Yusep Diego - 6 years, 1 month ago

the exponential operator is right associative. Meaning you must evaluate powers on the right first. So, 2^3^2 is 512 not 64. It would've been 64 only when the question was (2^3)^2

Somesh Singh - 6 years, 1 month ago

Equate to x and take sqrt of both sides gives you sqrt of 8=sqrt x then x is 64

Zakaria Salameh - 6 years, 1 month ago

@Zakaria Salameh – $2^{3^2} = 2^{(3^2)}$

So $\sqrt{2^{3^2}} = \sqrt{2^9}\neq \sqrt{2^3}$

Micah Wood - 6 years, 1 month ago

Subhajit Mishra
May 14, 2015

$2^{3^2} \neq (2^3) \cdot (2^3)$

So, $2^{3^2} = 2^{(3^2)} = 2^9 = 512$

in what case we multiplies the powers?

Raj Kumar - 6 years, 1 month ago

If it was given, (2^3)^2. We could multiply the powers and write 2^6 = 64

Subhajit Mishra - 6 years, 1 month ago

The concept behind these problems is called tetration. So it's 512. Sometimes I hate being limited to writing "flat." 2^3^2 looks so confusing when we write it. But we see the 2nd power affects the 3 not 2^3.

A Former Brilliant Member - 6 years, 1 month ago

@A Former Brilliant Member – Thank you for mentioning tetration. That gave me something to search to look for more info. Although it seems like tetration really implies iterated exponents, the information I found still did a good job of explaining exponents of exponents as well.

Graham Lau - 5 years, 11 months ago

@A Former Brilliant Member – 64 is right. because when a power gets a power they multiplies. in this case its 3*2=6 and then 2^6 = 64

Harsh Shah - 6 years, 1 month ago

@Harsh Shah – Nope. A power to a power is different from (2^3)^2. A power to a power is not the same as a base to a power raised to a power. I'm talking about 2^(3^2) while you're talking about (2^3)^2. They're different.

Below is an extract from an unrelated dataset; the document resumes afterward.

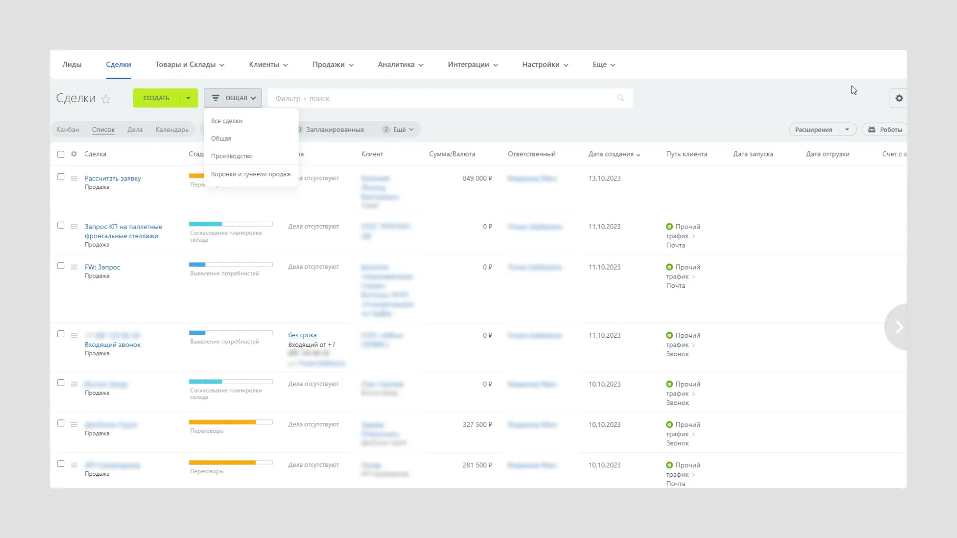 Главной задачей первого этапа было организовать работу отдела продаж и ведение производства. Реализовали через воронки продаж. Выбрали классический режим работы CRM. Все входящие обращения попадают сначала в лиды, а успешный лид конвертируются в сделку и клиента.

Plus as you can see in the original problem, the 2 is above and to the right of the 3. That's why the two effects the three before it affects the 2 to the 3rd.

Google tetration.

A Former Brilliant Member - 6 years, 1 month ago

oh...again it is game of bracket.... thanks subhajit

Raj Kumar - 6 years, 1 month ago

if there was any bracket mentioned :)

রিজান রেহমান - 6 years, 1 month ago

I'm pretty much sure that when we don't have brackets powers are multiplied !!

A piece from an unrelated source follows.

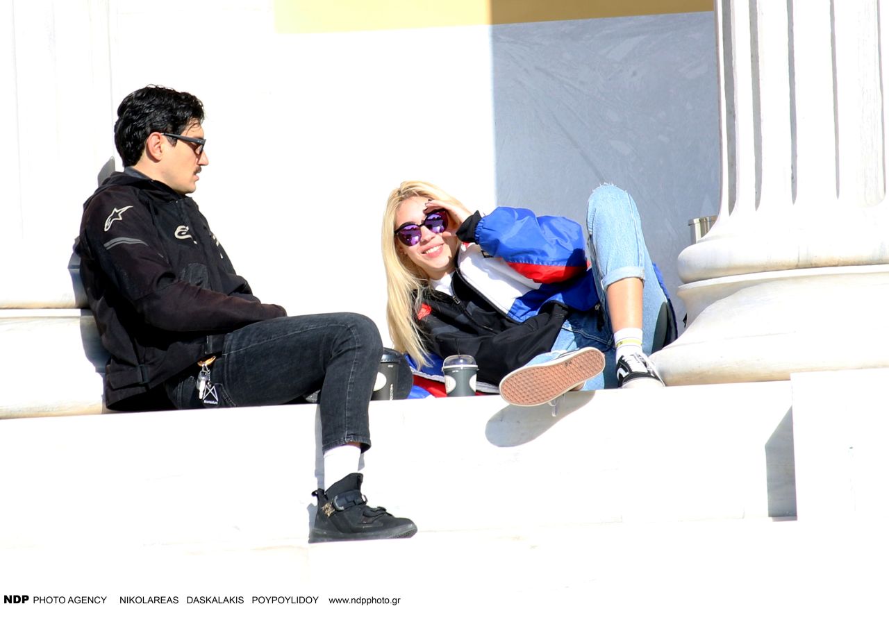 Ο φωτογραφικός φακός τους απαθανάτισε να απολαμβάνουν τον ήλιο αλλά και μια χαλαρή συζήτηση στα σκαλάκια του Ζαππείου. Αμέσως μετά εθεάθησαν στο κέντρο της Αθήνας να κινούνται με τη μηχανή του ηθοποιού.

Sofien Karray - 5 years, 1 month ago

Brackets should be there

SAI KISHORE - 5 years, 9 months ago

Munem Shahriar
May 15, 2017

$\Large{2^{3^2}}= \, ?$

$3^2 = 9$

$2^9 =512$

Agung Prayoga
May 14, 2015

2^(3^2)=2^9=512 is that right ?

Yup, apparently, that's how other people did it.

Refath Bari - 4 years, 11 months ago

you need parentheses to differentiate the order as far as I am concerned

kathleen Kilmer - 2 years, 2 months ago

Ardianto Kurniawan
May 14, 2015

we have to go from the top to the bottom. so 2^{3^}^{2} = 2^{3^{2}} = 2^{9} = 512

Jenson Chong
Dec 10, 2020

3x2=6 2x2x2x2x2x2=512 .512 is the correct answer.

Joash Ong
Jan 21, 2020

Tower rule, 2^3^2 = 2^(3^2) = 2^9 = 512

Abram Ashes
Jul 8, 2018

2^3^2 = 2 ^9 = 512 because the tower rule says that we must work. from the top to the bottom

well from what i've learned its from the left to the right. that would've been 64. weird

QuocBao Dao - 2 years, 10 months ago

Keith Daggett
May 14, 2015

Perform the exponent's power first,then solve the base expression.

Use Your Powers!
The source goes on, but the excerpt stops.